### Information shown ###

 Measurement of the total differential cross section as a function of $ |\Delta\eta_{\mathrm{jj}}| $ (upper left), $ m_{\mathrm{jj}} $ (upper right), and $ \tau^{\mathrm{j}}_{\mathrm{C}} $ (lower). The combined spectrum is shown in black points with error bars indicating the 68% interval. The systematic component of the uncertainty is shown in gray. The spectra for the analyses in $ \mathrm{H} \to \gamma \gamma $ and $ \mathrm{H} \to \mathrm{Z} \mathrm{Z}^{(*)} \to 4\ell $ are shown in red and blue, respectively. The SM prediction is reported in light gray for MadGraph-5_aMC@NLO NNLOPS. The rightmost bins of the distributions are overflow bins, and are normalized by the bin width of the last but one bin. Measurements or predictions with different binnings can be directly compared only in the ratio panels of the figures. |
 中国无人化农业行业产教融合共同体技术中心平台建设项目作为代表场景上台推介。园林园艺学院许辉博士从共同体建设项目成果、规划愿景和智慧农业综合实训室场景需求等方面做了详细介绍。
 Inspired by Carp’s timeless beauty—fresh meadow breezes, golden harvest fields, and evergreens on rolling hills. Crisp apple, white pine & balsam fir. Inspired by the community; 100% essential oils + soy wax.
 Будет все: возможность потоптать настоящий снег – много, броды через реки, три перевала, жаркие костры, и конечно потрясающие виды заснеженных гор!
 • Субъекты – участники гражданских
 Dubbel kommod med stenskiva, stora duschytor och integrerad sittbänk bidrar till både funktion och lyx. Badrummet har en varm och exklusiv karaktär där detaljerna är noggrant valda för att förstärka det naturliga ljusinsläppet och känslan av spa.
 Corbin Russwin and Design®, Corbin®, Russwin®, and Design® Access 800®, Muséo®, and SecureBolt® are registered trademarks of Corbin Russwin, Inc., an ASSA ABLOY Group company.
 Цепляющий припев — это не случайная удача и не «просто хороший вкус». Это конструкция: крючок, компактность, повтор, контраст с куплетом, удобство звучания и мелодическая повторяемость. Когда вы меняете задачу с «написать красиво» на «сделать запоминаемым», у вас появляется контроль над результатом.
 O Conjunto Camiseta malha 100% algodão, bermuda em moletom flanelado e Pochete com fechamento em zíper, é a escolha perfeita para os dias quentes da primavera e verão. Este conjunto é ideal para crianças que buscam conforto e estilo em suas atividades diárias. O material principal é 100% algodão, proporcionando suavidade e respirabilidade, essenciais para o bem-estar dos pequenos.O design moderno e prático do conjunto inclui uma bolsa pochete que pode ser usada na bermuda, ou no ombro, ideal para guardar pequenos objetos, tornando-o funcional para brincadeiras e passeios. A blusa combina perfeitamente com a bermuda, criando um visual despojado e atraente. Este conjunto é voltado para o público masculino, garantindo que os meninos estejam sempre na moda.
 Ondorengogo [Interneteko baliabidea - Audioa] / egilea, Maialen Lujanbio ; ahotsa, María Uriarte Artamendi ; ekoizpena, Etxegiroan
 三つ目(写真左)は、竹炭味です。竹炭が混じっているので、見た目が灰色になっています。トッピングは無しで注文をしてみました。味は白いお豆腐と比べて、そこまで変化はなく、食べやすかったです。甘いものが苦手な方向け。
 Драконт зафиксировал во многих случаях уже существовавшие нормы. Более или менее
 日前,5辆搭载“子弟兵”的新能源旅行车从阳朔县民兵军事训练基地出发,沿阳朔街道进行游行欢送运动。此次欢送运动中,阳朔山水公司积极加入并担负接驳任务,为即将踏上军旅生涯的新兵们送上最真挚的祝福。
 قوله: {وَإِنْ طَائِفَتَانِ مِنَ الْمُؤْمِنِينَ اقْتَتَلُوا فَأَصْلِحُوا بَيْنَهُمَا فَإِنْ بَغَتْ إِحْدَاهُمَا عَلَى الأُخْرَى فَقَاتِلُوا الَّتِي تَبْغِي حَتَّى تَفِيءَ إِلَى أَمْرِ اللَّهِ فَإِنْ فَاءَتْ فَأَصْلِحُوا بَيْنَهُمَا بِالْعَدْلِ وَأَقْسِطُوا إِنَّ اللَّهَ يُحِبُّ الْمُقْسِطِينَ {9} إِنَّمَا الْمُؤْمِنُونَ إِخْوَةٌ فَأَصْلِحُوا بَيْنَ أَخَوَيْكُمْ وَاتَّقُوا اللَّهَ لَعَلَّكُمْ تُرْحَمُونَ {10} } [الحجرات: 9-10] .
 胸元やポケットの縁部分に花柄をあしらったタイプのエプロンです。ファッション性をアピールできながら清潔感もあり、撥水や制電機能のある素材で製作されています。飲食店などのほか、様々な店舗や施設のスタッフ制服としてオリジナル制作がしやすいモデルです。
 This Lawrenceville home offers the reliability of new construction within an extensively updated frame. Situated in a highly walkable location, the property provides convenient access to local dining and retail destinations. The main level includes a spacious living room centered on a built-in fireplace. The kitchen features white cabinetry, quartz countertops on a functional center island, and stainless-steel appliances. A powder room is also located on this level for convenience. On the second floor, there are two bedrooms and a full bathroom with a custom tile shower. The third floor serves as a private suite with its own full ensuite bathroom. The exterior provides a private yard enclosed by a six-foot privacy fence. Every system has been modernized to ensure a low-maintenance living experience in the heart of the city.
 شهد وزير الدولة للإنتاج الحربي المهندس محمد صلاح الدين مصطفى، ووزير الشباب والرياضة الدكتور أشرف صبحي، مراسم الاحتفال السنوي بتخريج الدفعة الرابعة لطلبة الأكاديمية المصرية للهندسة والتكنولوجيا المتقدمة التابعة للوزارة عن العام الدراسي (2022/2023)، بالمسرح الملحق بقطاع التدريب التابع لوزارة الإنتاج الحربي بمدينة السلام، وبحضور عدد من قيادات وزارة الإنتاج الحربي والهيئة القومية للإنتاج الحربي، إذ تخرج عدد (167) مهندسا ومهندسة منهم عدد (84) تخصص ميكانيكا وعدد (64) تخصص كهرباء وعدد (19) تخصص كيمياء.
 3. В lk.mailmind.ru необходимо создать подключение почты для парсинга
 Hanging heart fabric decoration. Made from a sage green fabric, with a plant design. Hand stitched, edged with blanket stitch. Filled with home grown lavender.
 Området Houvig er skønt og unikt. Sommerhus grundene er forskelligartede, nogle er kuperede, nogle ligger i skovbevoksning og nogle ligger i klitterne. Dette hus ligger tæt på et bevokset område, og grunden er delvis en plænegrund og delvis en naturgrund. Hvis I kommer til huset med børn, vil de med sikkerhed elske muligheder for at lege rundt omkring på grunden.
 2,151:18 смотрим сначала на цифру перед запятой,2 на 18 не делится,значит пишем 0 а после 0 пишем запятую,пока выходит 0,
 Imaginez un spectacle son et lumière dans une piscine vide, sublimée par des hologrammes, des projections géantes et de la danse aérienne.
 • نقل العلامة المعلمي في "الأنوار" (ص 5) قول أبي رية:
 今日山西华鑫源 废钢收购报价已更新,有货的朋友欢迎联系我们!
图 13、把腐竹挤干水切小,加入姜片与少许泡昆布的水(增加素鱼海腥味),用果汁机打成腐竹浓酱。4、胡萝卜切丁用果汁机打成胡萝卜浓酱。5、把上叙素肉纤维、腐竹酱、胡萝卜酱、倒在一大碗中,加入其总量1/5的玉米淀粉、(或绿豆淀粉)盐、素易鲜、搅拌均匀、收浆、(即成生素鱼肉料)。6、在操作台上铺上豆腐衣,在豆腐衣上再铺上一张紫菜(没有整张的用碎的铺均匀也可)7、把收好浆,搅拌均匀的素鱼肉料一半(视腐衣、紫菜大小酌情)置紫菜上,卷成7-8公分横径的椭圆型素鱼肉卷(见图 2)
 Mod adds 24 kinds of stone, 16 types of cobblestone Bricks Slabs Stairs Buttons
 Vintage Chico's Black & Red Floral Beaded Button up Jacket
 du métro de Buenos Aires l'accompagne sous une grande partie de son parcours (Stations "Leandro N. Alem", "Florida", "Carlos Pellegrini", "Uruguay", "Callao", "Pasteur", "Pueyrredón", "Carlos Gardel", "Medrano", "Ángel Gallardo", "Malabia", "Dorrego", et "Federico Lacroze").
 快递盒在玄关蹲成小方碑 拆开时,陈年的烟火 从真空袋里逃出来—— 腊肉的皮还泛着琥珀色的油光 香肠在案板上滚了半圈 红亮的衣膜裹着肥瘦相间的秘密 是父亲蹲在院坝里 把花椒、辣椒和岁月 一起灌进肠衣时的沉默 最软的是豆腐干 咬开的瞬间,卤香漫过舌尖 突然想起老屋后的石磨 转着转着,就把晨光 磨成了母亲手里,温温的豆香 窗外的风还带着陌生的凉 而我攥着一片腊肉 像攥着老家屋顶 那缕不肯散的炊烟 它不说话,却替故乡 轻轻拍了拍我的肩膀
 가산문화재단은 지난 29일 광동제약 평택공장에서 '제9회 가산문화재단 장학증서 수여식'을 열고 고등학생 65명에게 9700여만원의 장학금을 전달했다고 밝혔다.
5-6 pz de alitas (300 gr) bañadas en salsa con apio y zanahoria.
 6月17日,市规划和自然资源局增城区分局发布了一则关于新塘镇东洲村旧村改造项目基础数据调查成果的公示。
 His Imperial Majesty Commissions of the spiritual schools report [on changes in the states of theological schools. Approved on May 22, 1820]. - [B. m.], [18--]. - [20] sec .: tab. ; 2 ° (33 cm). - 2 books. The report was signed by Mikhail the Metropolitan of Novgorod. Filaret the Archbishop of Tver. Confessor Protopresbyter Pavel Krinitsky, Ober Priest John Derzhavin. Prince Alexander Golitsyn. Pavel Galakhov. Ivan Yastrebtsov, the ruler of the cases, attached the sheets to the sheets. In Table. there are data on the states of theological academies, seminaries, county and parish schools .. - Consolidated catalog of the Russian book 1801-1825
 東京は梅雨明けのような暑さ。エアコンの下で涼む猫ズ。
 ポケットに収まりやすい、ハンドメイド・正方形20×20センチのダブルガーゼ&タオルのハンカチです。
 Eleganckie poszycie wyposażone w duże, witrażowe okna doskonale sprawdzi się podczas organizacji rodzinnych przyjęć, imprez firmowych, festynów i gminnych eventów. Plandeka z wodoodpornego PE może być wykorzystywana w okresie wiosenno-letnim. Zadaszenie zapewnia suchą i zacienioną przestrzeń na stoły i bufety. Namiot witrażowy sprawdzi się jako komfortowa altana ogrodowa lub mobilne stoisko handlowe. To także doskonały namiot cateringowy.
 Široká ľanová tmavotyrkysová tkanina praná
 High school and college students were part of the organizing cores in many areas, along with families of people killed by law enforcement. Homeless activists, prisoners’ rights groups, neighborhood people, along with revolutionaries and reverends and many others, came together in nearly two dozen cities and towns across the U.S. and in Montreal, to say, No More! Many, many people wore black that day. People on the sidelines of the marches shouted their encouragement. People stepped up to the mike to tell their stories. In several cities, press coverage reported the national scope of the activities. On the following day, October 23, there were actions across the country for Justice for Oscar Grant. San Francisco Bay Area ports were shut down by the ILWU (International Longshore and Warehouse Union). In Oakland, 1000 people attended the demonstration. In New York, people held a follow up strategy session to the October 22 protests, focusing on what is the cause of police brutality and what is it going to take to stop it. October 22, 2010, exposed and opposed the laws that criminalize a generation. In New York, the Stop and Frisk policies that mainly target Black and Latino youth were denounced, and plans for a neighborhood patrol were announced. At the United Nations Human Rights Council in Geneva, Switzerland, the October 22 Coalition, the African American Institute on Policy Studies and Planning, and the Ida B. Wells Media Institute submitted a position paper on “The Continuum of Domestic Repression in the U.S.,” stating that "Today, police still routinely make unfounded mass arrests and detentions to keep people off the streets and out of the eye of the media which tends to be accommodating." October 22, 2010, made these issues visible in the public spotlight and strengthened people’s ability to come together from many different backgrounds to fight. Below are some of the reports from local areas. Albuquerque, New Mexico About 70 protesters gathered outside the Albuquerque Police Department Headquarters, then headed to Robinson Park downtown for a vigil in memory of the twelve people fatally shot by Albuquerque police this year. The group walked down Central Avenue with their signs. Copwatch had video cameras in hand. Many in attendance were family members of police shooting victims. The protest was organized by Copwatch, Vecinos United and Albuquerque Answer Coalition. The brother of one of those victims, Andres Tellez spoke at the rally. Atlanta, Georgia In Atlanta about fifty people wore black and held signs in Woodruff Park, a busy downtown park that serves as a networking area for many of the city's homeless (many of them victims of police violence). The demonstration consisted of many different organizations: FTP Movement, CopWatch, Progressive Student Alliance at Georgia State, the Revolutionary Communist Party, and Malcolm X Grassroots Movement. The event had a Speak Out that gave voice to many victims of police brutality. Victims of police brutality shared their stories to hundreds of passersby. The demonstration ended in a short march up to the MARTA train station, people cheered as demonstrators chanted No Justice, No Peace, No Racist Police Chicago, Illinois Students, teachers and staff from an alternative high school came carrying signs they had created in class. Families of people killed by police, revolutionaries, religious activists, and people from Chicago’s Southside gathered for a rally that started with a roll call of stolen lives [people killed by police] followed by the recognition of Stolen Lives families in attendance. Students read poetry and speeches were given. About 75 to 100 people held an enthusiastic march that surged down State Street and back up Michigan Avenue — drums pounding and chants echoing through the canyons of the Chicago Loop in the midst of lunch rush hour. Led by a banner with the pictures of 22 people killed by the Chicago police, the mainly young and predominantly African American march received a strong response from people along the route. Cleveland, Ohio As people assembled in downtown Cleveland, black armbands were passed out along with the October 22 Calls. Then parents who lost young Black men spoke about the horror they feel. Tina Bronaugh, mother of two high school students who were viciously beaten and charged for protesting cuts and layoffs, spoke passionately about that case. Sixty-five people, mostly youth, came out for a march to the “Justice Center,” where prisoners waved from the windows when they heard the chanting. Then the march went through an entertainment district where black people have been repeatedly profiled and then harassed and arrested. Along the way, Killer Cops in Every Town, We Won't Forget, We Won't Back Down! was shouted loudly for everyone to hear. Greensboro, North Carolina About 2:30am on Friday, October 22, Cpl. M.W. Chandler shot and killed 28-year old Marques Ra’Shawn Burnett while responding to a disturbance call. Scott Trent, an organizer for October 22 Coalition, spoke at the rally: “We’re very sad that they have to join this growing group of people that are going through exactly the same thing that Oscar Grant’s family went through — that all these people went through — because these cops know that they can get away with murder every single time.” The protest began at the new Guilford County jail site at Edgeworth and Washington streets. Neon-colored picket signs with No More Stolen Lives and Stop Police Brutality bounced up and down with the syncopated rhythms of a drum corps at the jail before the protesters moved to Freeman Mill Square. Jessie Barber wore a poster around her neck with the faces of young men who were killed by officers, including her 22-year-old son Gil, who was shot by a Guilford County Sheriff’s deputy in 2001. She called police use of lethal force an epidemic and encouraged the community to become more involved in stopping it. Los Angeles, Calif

###

Word for word, restate the data above from its first line down to and including the line with "Dubbel kommod med".

Exercise solution:
 Measurement of the total differential cross section as a function of $ |\Delta\eta_{\mathrm{jj}}| $ (upper left), $ m_{\mathrm{jj}} $ (upper right), and $ \tau^{\mathrm{j}}_{\mathrm{C}} $ (lower). The combined spectrum is shown in black points with error bars indicating the 68% interval. The systematic component of the uncertainty is shown in gray. The spectra for the analyses in $ \mathrm{H} \to \gamma \gamma $ and $ \mathrm{H} \to \mathrm{Z} \mathrm{Z}^{(*)} \to 4\ell $ are shown in red and blue, respectively. The SM prediction is reported in light gray for MadGraph-5_aMC@NLO NNLOPS. The rightmost bins of the distributions are overflow bins, and are normalized by the bin width of the last but one bin. Measurements or predictions with different binnings can be directly compared only in the ratio panels of the figures. |
 中国无人化农业行业产教融合共同体技术中心平台建设项目作为代表场景上台推介。园林园艺学院许辉博士从共同体建设项目成果、规划愿景和智慧农业综合实训室场景需求等方面做了详细介绍。
 Inspired by Carp’s timeless beauty—fresh meadow breezes, golden harvest fields, and evergreens on rolling hills. Crisp apple, white pine & balsam fir. Inspired by the community; 100% essential oils + soy wax.
 Будет все: возможность потоптать настоящий снег – много, броды через реки, три перевала, жаркие костры, и конечно потрясающие виды заснеженных гор!
 • Субъекты – участники гражданских
 Dubbel kommod med stenskiva, stora duschytor och integrerad sittbänk bidrar till både funktion och lyx. Badrummet har en varm och exklusiv karaktär där detaljerna är noggrant valda för att förstärka det naturliga ljusinsläppet och känslan av spa.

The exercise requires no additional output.